Allen has had numerous solo exhibitions of his sculptures throughout the country, including at the Science Fiction Museum and Hall of Fame, the Museum of Northwest Art, Traver Gallery, Blue Rain Gallery, Schantz Gallery, and Duncan McClellan Gallery. His sculptures have been acquired for a number of public and private collections, including Glass Museum in Tacoma, Imagine Museum, Toyoma Institute of Glass, Blue Origin, Boeing, Amazon and SpaceX. In 2016, his work appeared in a feature cover story published by American Craft magazine and in 2018, he was awarded “Grand Artist of the future” by Imagine Museum.

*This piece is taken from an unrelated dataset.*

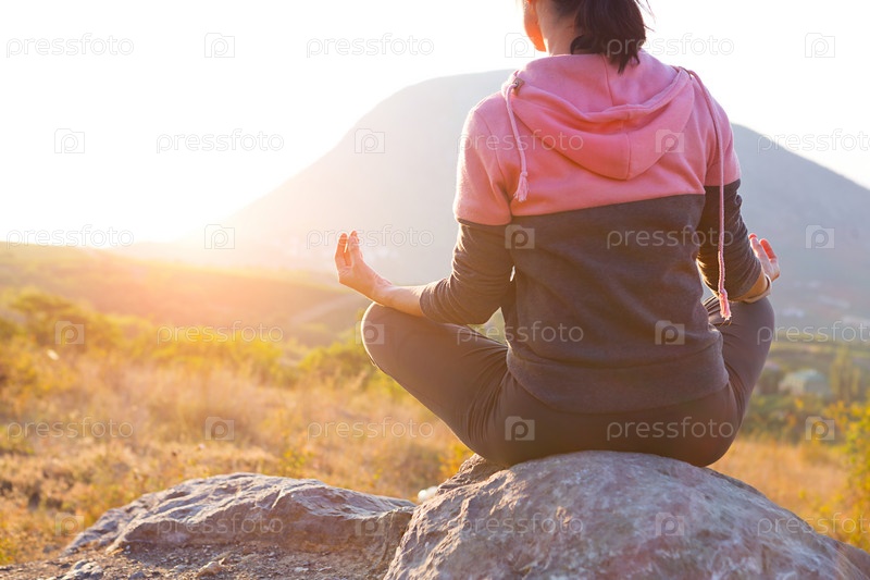 Женщина сидит на камне в позе лотоса, сомкнув пальцы в знак гармонии, расслабления и медитации. Йога, погружение в себя, баланс с природой. Горы, солнечный свет. копировать пространство

In 2005, Allen established a glass and sculpture studio with his wife, artist Shelley Muzylowski Allen at their property in Skagit County, Washington. In addition to being artists, the couple has taught internationally at the Toyama Institute of Glass in Toyama, Japan, and the International Glass Festival in Stourbridge, England. They have also taught nationally, including the Penland School of Craft, Pittsburgh Glass Center, and at Pilchuck Glass School.

A lifelong Star Trek devotee – whose earliest memories of creation involved making scotch tape and cardboard phasers and communicators – Allen was contacted by Eugene (Rod) Roddenberry, son of Star Trekcreator Gene Roddenberry and current spokesman for Trekkies everywhere. Intrigued by Allen’s work after seeing a piece one of his friends owned, Roddenberry commissioned a sculpture of the original series’ Starship Enterprise. The sculpture was to reflect the basic design of the original Enterprise, but also incorporate Allen’s personality into a sculpture that was of his own original design and overall interpretation.

Allen, in collaboration with wife Shelley, has created and will install two large public sculptures, Sticken (the Orchard Octopus) in September, and Heronious One in November in Bellevue, Washington. He will have an exhibition of new work in spring 2024 at Blue Rain Gallery in Santa Fe, New Mexico, and will collaborate with Dave Walters this fall.